Avidin Ltd. synthesized several new imidazo-pyrazole carboxamides and constructed a more than 60‐membered library for structure–activity relationship (SAR) determination. The lead molecule DU385 exhibits sub-micromolar activity on human acute promyelocytic leukemia and human colon cancer cells with great selectivity.
Eight derivatives showed great cytotoxic activity against five leukemia cell lines: acute promyelocytic leukemia (HL-60); acute monocytic leukemia (THP-1); acute T-lymphoblastic leukemia (MOLT-4); biphenotypic B myelomonocytic leukemia (MV-4-11); and erythroleukemia (K-562) cells in vitro. Optimization through structure activity relationship resulted in lead compound DU385, which exhibited nanomolar activity in vitro on human acute promyelocytic leukemia and human colon cancer cell lines, but with much less toxicity on human primary fibroblasts and other measured cancer cell types.
Mechanisms of Action
Toxicogenomic screening showed that DU385 depressed early stress-related genes; elevated early endoplasmic reticulum stress-associated genes and chaperons; upregulated genes associated with differentiation, cell adhesion, cell survival and apoptosis. Moreover, differentiation and subsequent apoptosis of pre-matured myeloid leukemia cells or myeloid-derived suppressors are induced.
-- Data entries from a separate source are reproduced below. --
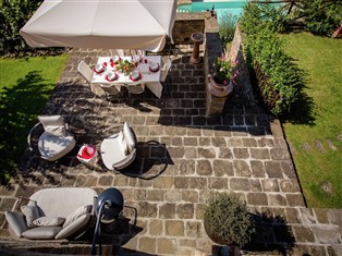 An der Vorderseite der Villa ist eine Terrasse mit Sonnenschirm und Gartenmöbel und auf beiden Seiten gibt es einen Garten mit Liegestühlen. Der Pool befindet sich auf einem niedrigeren Niveau und ist über eine Steintreppe erreicht. Der Pool ist mit römischen Stufen ausgestattet, so dass Sie langsam in den Pool gehen kann. Neben dem Pool ist eine typische Reihe von Zypressen, die Privatsphäre gewährleistet.
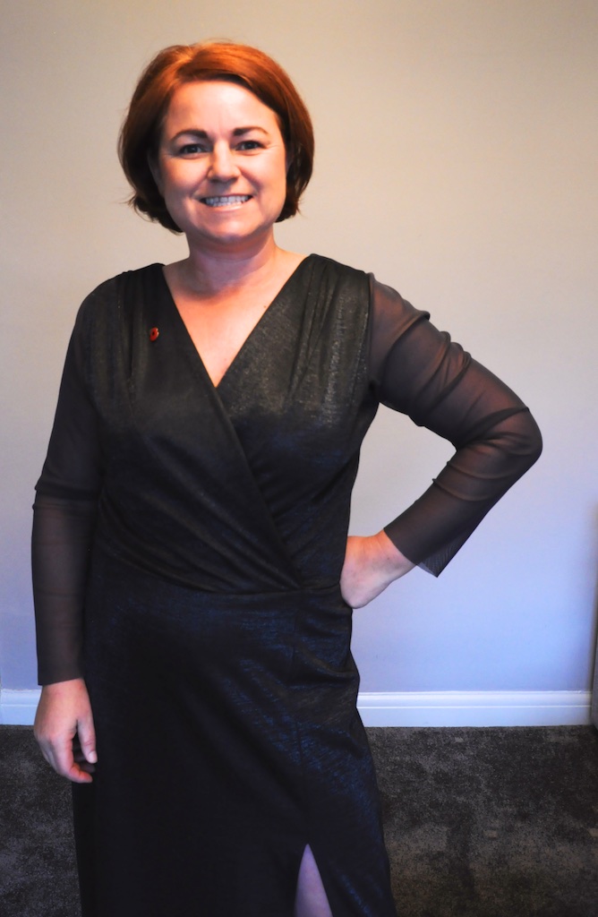 On Monday we attended the White Rose Awards at the Leeds Arena.  It is the largest celebration of tourism excellence in the UK.  The dress code was black tie.  I didn’t need any more encouragement than that to fire up my creative juices and make a new frock! I’ve already written a post about my first and second muslin of the new Wren dress pattern from Colette.  I had 5m of this sparkly silvery ponte knit from Minerva.  I originally bought 2m to make my sister a coco for her birthday but then couldn’t resist and had to buy some more for me. I intend to write a full post later about the nitty gritty of the other changes I wanted and also needed to make to the pattern so it would be perfect for my chosen fabric and the occasion! This post is all about the finished dress and the awards ceremony. All dressed up and somewhere to go!!  Hubby scrubs up well too, don’t you think?! Wahay! Look at that thigh high spit! …
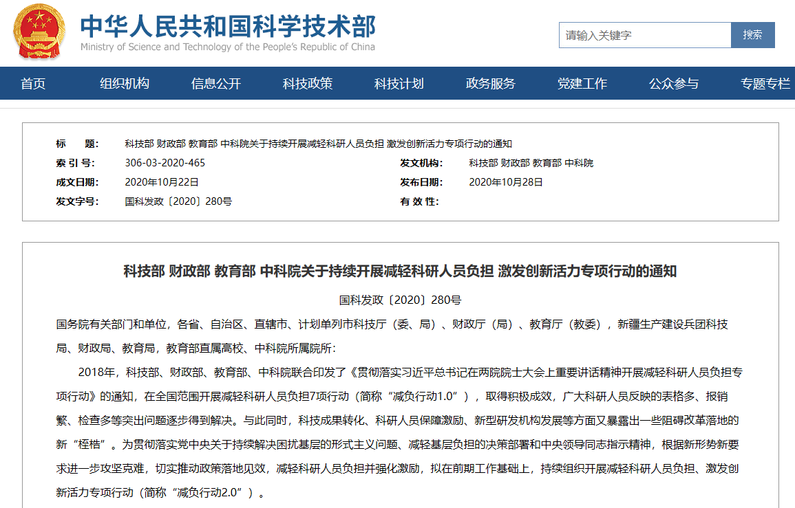 科技部 财政部 教育部 中科院关于持续开展减轻科研人员负担 激发创新活力专项行动的通知
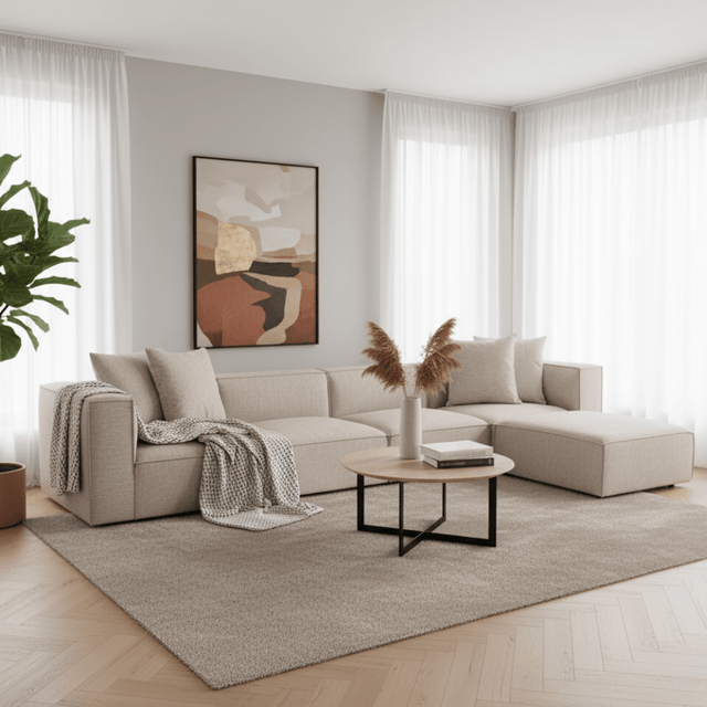 Mit seinem schlanken und zeitgenössischen Design passt unser Ecksofa mühelos zu jedem Einrichtungsstil. Die sandbeige Farbe verleiht Ihrem Wohnraum einen Hauch von Raffinesse, während der 100% Leinenstoff ein Gefühl von Luxus ausstrahlt. Die klaren Linien und das moderne Silhouette machen dieses Sofa zu einem Prunkstück, das die gesamte Ästhetik Ihres Hauses verbessern wird.
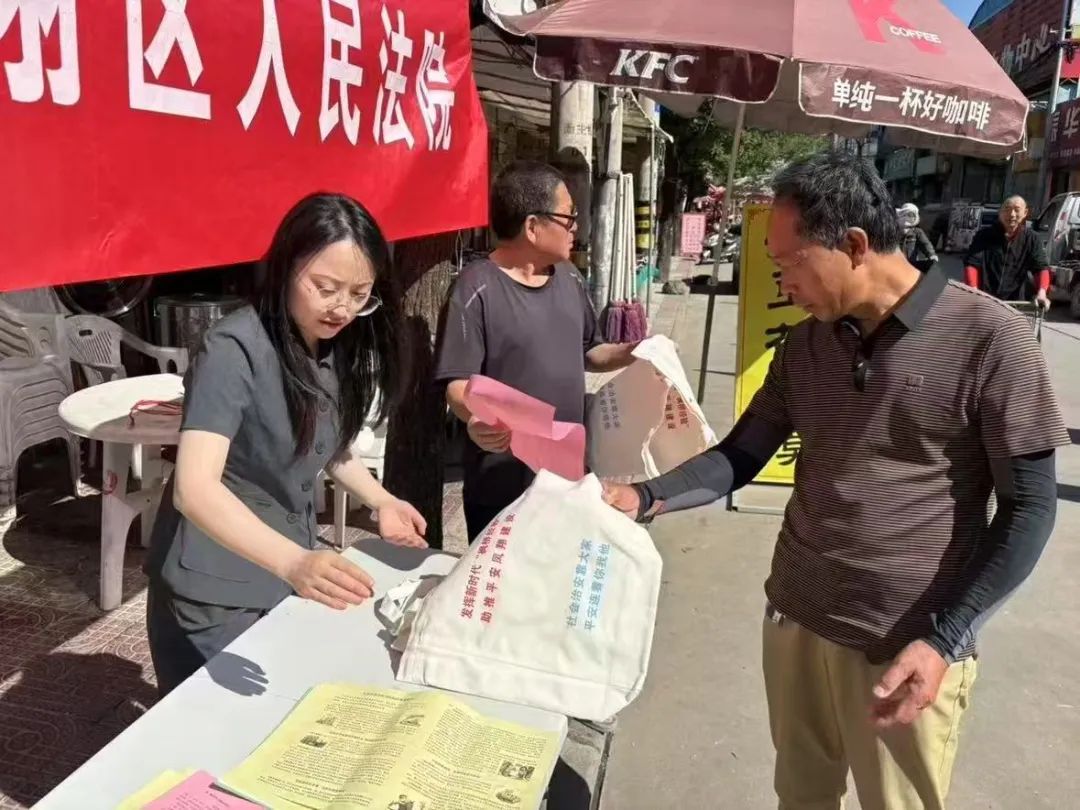凤翔法院通过悬挂横幅、发放宣传单、现场答疑、入店走访等形式,向群众普及环境保护法律法规,结合典型案例以案释法,引导群众树立“保护环境,人人有责”的法治观念。
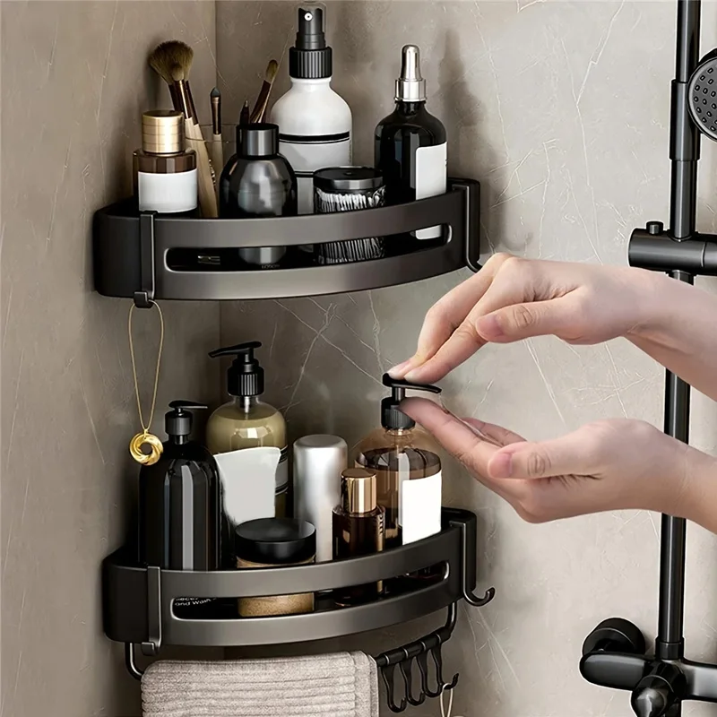 Corner Shower Caddy Suction Cup Shower Shelf Corner No Drilling Bathroom Shower Organizer Storage Rack Adhesive with Towel Bar
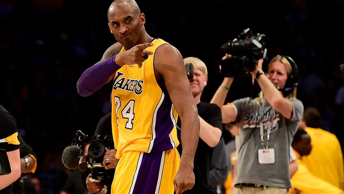 Kobe Bryant dei Los Angeles Lakers reagisce prima di affrontare gli Utah Jazz allo Staples Middle il 13 aprile 2016 a Los Angeles, California. (Harry How/Getty Pictures)
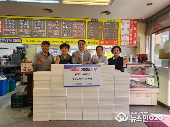 (뉴스인020 = 김성길 기자) 의왕시 부곡도깨비시장 상인회장인 박용술 대표가 23일 한우 소불고기와 국거리 세트 40박스를 부곡동주민센터에 기탁했다.
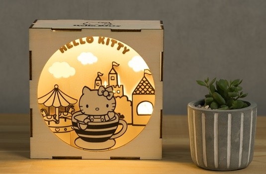 小夜燈系列設計HELLO KITTY經典居家場景與遊樂園版本,以及蛋黃哥難得出門旅行的趣味遊客照,利用黏貼式的暖光LED燈條,以及圖樣組件前後層層堆疊排列,呈現立體的燈光效果,僅需使用白膠即可組裝,輕鬆DIY為夜晚增添溫馨氛圍。
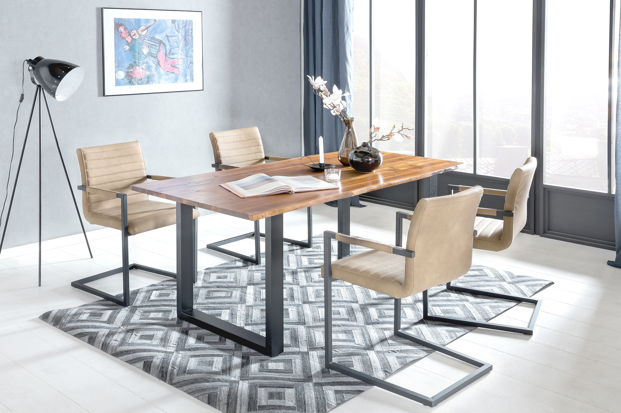 Les meubles en bois massif d'acacia font partie d'un mobilier à la fois beau et intemporel qui n'est jamais démodé. Le plateau de 26 mm d'épaisseur en bois d'acacia a été fabriqué à partir d'une planche à flache véritable. Le piètement en U en métal laqué ton noir confère à la table une très bonne stabilité et représente un contraste bienvenu avec le joli plateau ton cognac. Cette table de salle à manger est bien plus qu'un endroit pour prendre le repas. Faites entrer un peu de nature dans votre intérieur. Étant donné que cette table en bois massif est un produit naturel, elle peut présenter des nœuds et différentes teintes de bois qui ne sont toutefois pas des imperfections, mais qui soulignent plutôt le caractère individuel du bois véritable. Même la profondeur peut varier de plusieurs centimètres en raison de la forme irrégulière et asymétrique. Tous ces détails font de cette table avec plateau à flache une pièce véritablement unique.

The lead imidazo-pyrazole carboxamide molecules were developed to possess impressive and selective anticancer activity, which have been tested in human and murine cells and in different types of cancers. These characteristics enable the molecules to fight acute myelogenous/myeloid leukemia and colon cancer.
Intellectual Property (IP) position
Our latest patent titled Imidazo-pyrazole carboxamide derivatives as anticancer agents and the synthesis is under national patenting process at the moment. The international patent application has been initiated on May 17, 2019.